Do NOT share your code:
While it is natural for students to help each other outside of lab, students retain more knowledge if they attempt to write and debug code on their own. It is acceptable for students to help each other understand general concepts, but students are prohibited from sharing their code or writing code for another student. The only exception is when you are working with a designated partner for a lecture activity or group project, and in these cases, the only collaboration and sharing permitted is between designated lecture activitiy pairs or group members.
Ask for appropriate help:
It is appropriate to ask for or provide help solving a coding problem as long as it is done in a general or abstract way.

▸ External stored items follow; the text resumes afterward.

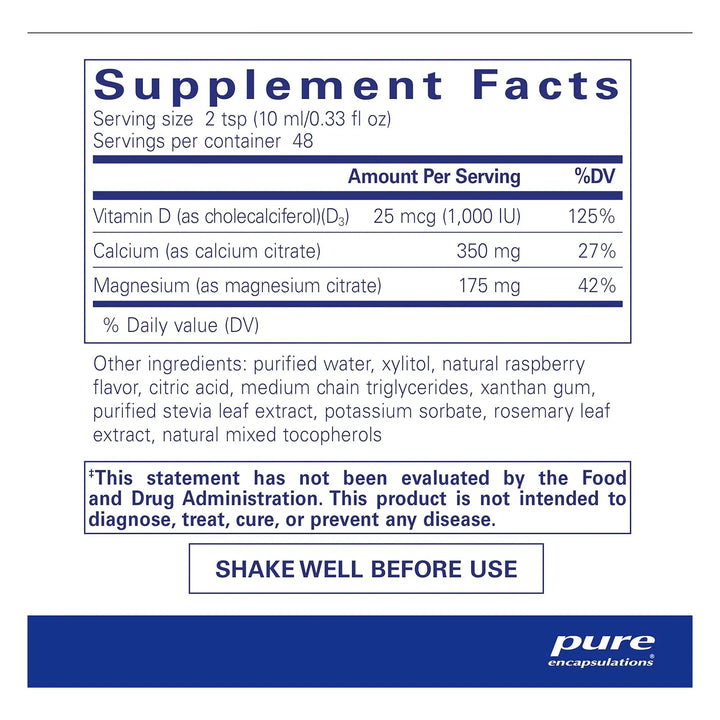 ¿Cansado de suplementos difíciles de tragar o que no se absorben bien? Descubre la solución líquida que tu cuerpo agradecerá. El Calcio Magnesio Vitamina D Líquido de Pure Encapsulations es la forma más práctica y eficaz de cuidar tu salud ósea y cardiovascular, con una fórmula diseñada para máxima biodisponibilidad.
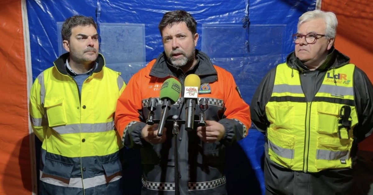 El alcalde de Lora del Río (Sevilla), Antonio Enamorado, acompañado por los concejales José Manuel Arancón y Juan Antonio Mayor, ha ofrecido una rueda de prensa en la tarde del sábado, 7 de febrero, desde el Puesto de Mando Avanzado (PMA) para informar sobre la situación de la crecida del río Guadalquivir a su paso por el municipio.
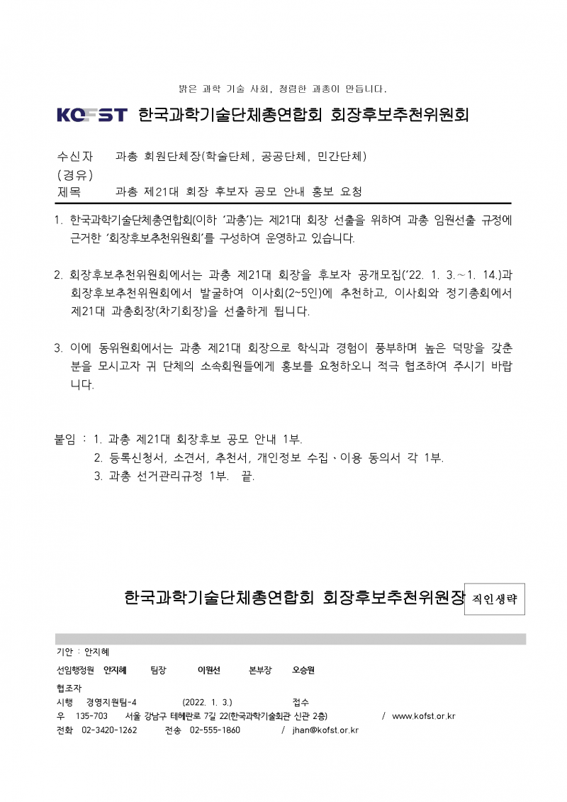 [과총] 제21대 회장 후보자 공모 홍보 협조 안내
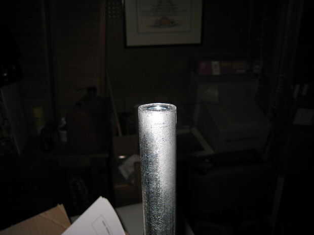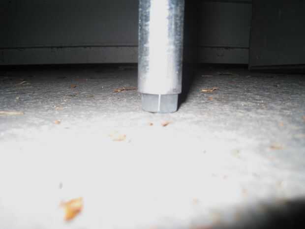 Coloque la tuerca en una superficie dura, concreto y asfalto son buenas opciones. Presione el extremo sin cortar del conducto sobre la tuerca, y debe quedar. Ahora Levante duro en la tuerca, forzando en el conducto el conducto y bang, seguir golpeando hasta que la tuerca de ras con el extremo de la tubería portacables. Esto hará que las roscas estén cuadradas para el conducto.
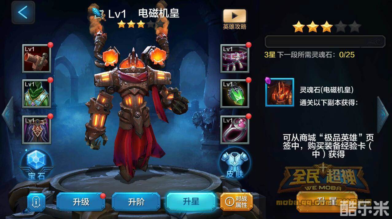 最后一个就是英雄的星等,电磁机皇初始为3星,想要升星则需要不同数量的灵魂石。现阶段由于电磁机皇的灵魂石只能通过商城购买,或者靠人品爆发通过抽奖获得,所以想要升到5星还是拥有一定的难度的,小伙伴们可要加把油啊。
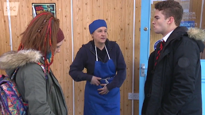 Hannah arrives at the chippy; Britt says that she ought to be at school. “We’ve got a free lesson,” Hannah replies, and adds that she wants a word.
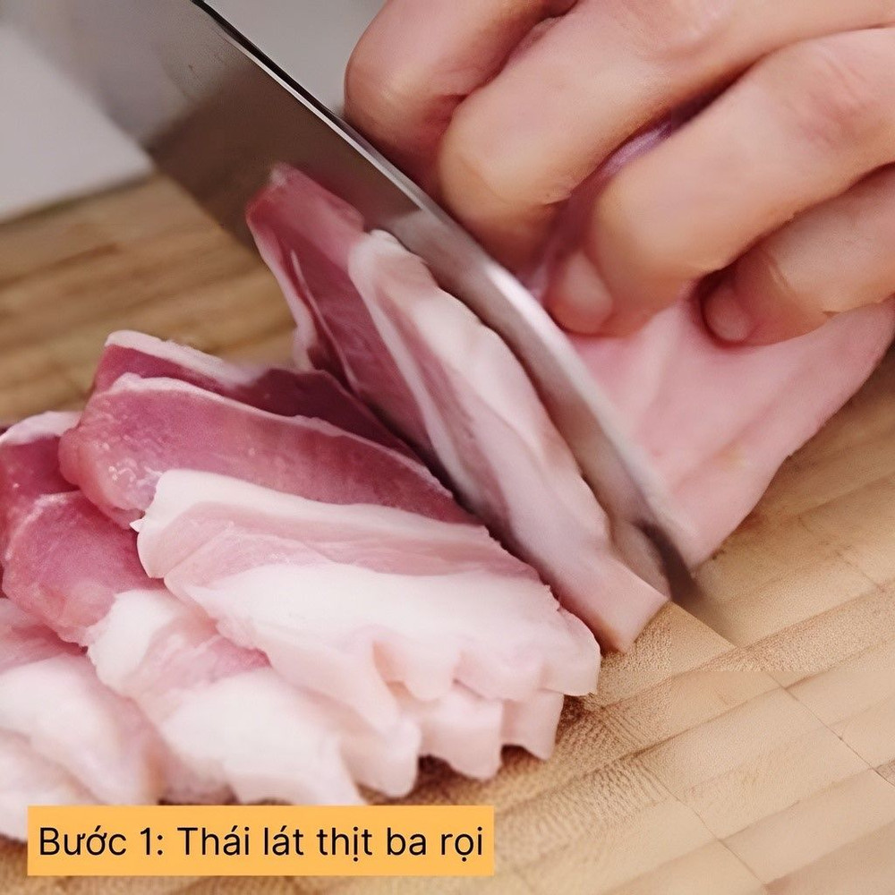 Rửa sạch thịt ba rọi. Sau đó cắt thịt thành lát mỏng vừa ăn.

Appropriate examples include: helping a peer understand an error message, sharing debugging strategies, or explaining a concept related to a specific problem. But, it is inappropriate to have any other students (including tutors) solve your problems directly. Seeking excessive help is a form of cheating. Inappropriate help includes: Asking a peer or tutor to write code for you, looking at another student's working solution, or receiving excessive (step-by-step) help in directly completing an assignment.
Strive to be independent:
An important goal in this course is for students to continue to hone strategies for becoming more independent with respect to problem solving, coding, and debugging. Requiring excessive help indicates that you have not put forth independent effort on a homework or project. The best way to become an independent programmer is to program often. Experiment with a few lines of code (compile, test and debug constantly). The design of this course will naturally require you to do the programming activities needed to be successful. But, if someone else completes these activities for you, it will show on the midterm and final exam when you are asked to write code without help.